#### Stored data
◇ ◇ ◇

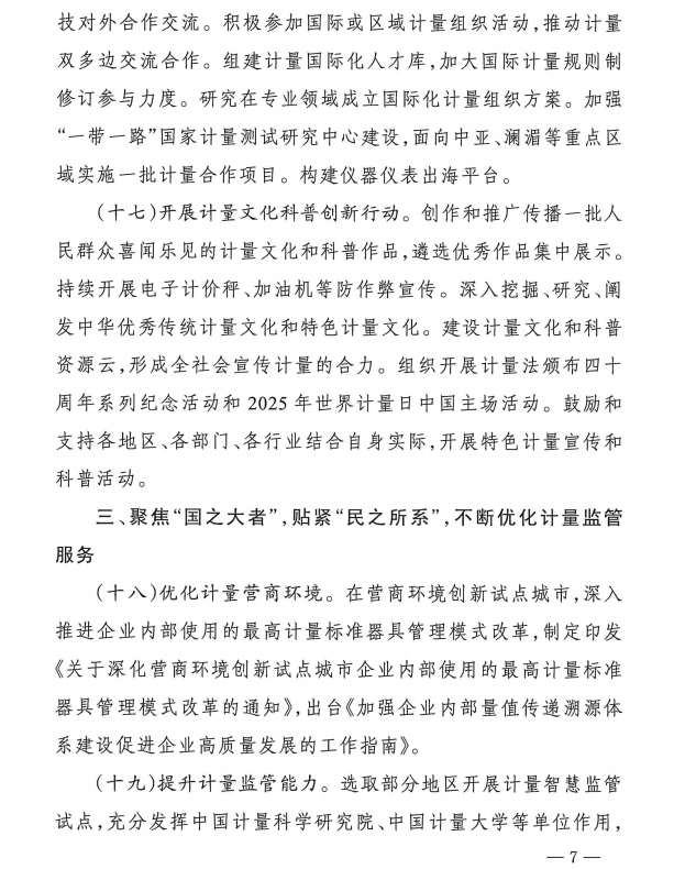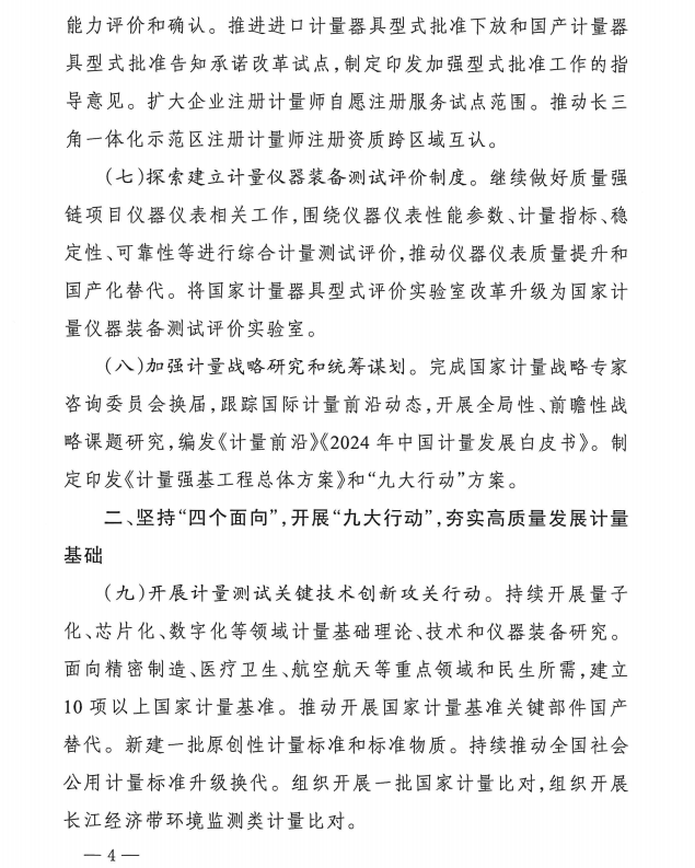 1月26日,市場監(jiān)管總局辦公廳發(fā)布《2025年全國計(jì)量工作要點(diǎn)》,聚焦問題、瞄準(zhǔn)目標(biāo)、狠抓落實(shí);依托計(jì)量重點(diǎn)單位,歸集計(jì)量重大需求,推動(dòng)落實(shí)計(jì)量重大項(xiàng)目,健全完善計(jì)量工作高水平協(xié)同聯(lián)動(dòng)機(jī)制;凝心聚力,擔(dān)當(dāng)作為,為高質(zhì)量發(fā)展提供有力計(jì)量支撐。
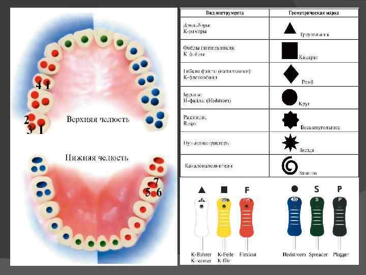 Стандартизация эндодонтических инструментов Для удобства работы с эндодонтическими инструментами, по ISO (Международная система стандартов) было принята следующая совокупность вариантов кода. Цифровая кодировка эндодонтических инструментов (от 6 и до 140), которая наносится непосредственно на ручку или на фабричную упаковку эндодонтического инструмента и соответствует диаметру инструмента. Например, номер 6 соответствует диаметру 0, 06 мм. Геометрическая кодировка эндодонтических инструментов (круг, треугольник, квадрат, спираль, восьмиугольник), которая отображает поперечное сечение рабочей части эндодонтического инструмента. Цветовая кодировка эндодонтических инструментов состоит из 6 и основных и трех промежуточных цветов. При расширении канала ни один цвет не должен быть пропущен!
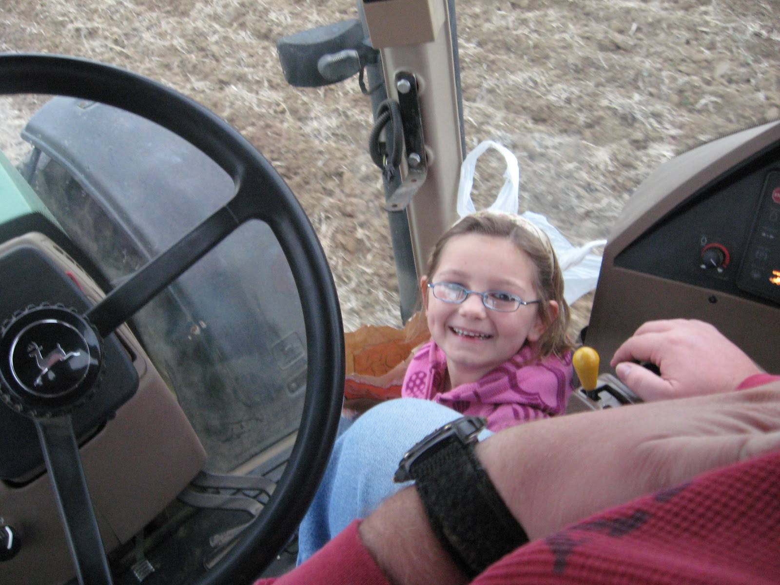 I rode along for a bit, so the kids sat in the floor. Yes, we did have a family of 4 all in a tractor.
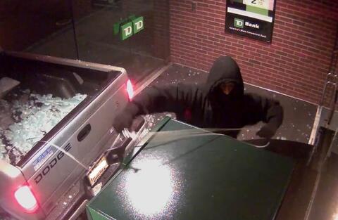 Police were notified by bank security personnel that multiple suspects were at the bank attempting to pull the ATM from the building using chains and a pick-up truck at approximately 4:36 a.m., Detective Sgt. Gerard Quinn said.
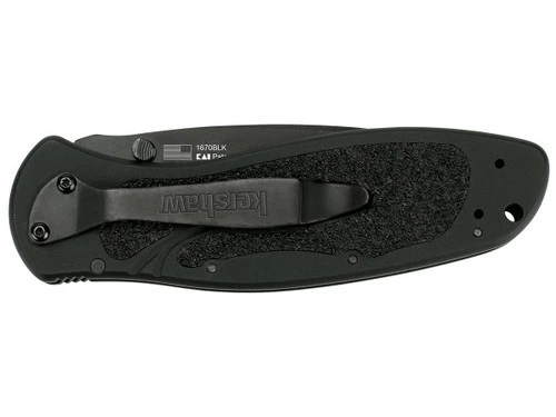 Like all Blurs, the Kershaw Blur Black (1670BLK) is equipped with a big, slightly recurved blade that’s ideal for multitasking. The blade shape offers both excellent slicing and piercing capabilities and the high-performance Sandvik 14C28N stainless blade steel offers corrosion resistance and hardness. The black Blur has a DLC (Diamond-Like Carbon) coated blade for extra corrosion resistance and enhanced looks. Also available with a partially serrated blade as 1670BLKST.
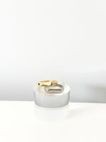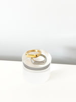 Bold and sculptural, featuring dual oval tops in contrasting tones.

◇ ◇ ◇

#### Work item
All pictures are to be skipped. Output, word for word, the lines in the data above starting at the line containing "I rode along" and ending at the line containing "Police were notified".

#### Answer for this exercise
 I rode along for a bit, so the kids sat in the floor. Yes, we did have a family of 4 all in a tractor.
 Police were notified by bank security personnel that multiple suspects were at the bank attempting to pull the ATM from the building using chains and a pick-up truck at approximately 4:36 a.m., Detective Sgt. Gerard Quinn said.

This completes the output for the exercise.